I am lucky enough to be collaborating on my research and teaching with a variety of quality faculty at UNC Wilmington and other institutions.  Such collaboration makes my work easier and much more enjoyable.  The individuals I collaborate with most frequently are listed below.

 

Dr. Mike Benedetti, UNC Wilmington.  Mike is a geomorphologist with interests in Quaternary science, soils, and fluvial systems.  The two of us work together on the physical geography curriculum at UNC Wilmington, and research of the hydrology and other exciting topics in the Cape Fear region.  In addition, we have also been known to enjoy watching sports as we grill meat.

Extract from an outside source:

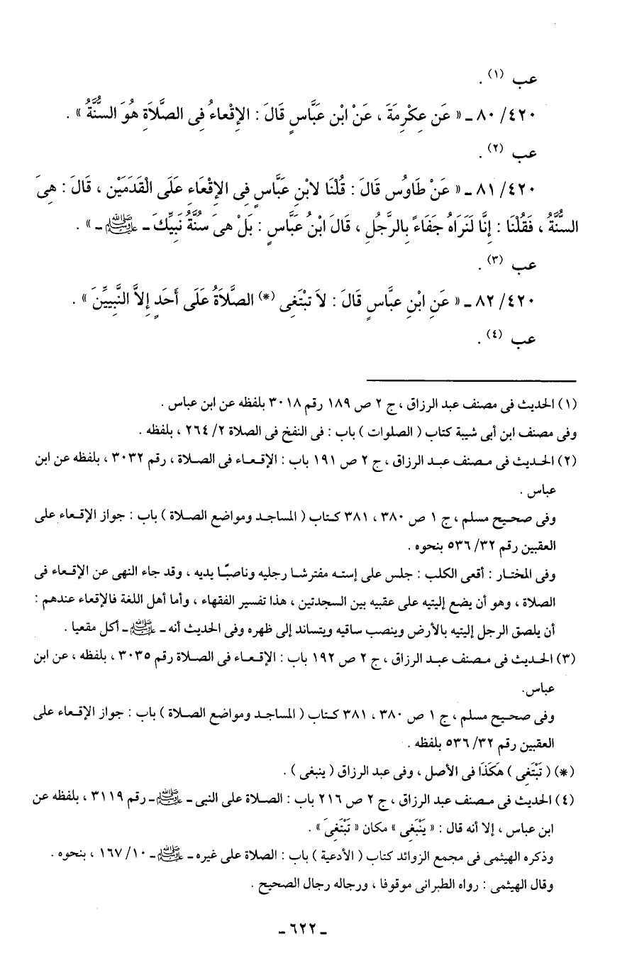 420/ 81 - "عَنْ طَاوسُ قَالَ: قُلنَا لابْنِ عَبَّاسٍ فِى الإِقْعَاءِ عَلَى الْقَدَمَيْن، قَالَ: هِىَ السُّنَّةُ، فَقُلنَا: إِنَّا لَنَرَاهُ جَفَاءً بِالرَّجُلِ، قَالَ ابْنُ عَبَّاسٍ: بَلْ هىَ سُنَّةُ نَبِيِّكَ - صلى الله عليه وسلم - ".

Dr. Scott Curtis, East Carolina University.  Scott is an atmospheric scientists at ECU with interests in ENSO, GIS, tropical meteorology, and global precipitation.  Recently, Scott and I received funding from the National Science Foundation to research the Caribbean mid-summer drought.  Our project investigates the spatial variability in the feature, as well as atmospheric processes associated with its development.  lately we have broadened the scope of the project to link our findings with findings of researchers at University of West Indies-Mona concerning Jamaican farmer vulnerability to drought.  It is always good when Scott visits Wilmington because he makes me take my boat out.

Dr. John Rodgers, Mississippi State University.  John is a bio-geographer at MSU with interests in invasive species, coastal environments, and remote sensing/GIS.  John and I have known each other for about 13 years, dating back to our graduate school days at the University of Georgia.  We have completed field research together in coastal Alabama and are presently continuing research in the Bahamas.  We also recently co-taught a field course on the Outer Banks.  My main responsibility in the field with John is to make sure down he does not severe one of his limbs with a machete.

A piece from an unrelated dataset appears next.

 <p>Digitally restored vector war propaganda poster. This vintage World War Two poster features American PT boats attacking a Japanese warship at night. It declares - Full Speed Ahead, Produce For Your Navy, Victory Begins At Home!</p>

Dr. John Mylroie, Mississippi State University.  John is a karst geologist with interests in karst, speleology, and carbonate islands.  I am in great debt to John for introducing me to carbonate island hydrology in the Bahamas, Guam, and Puerto Rico.  Without his guidance, I would not be involved in the exciting research I pursue today.  I have spent many long hours and days in the field with this man that has changed my perspective, for better and worse, on the world around me.  Now, since we don't spend much time in the field together, he just calls me when he has a really hard question that needs a brilliant answer.

 

Mike Brown, Grady Dixon, and the infamous Meat Plow.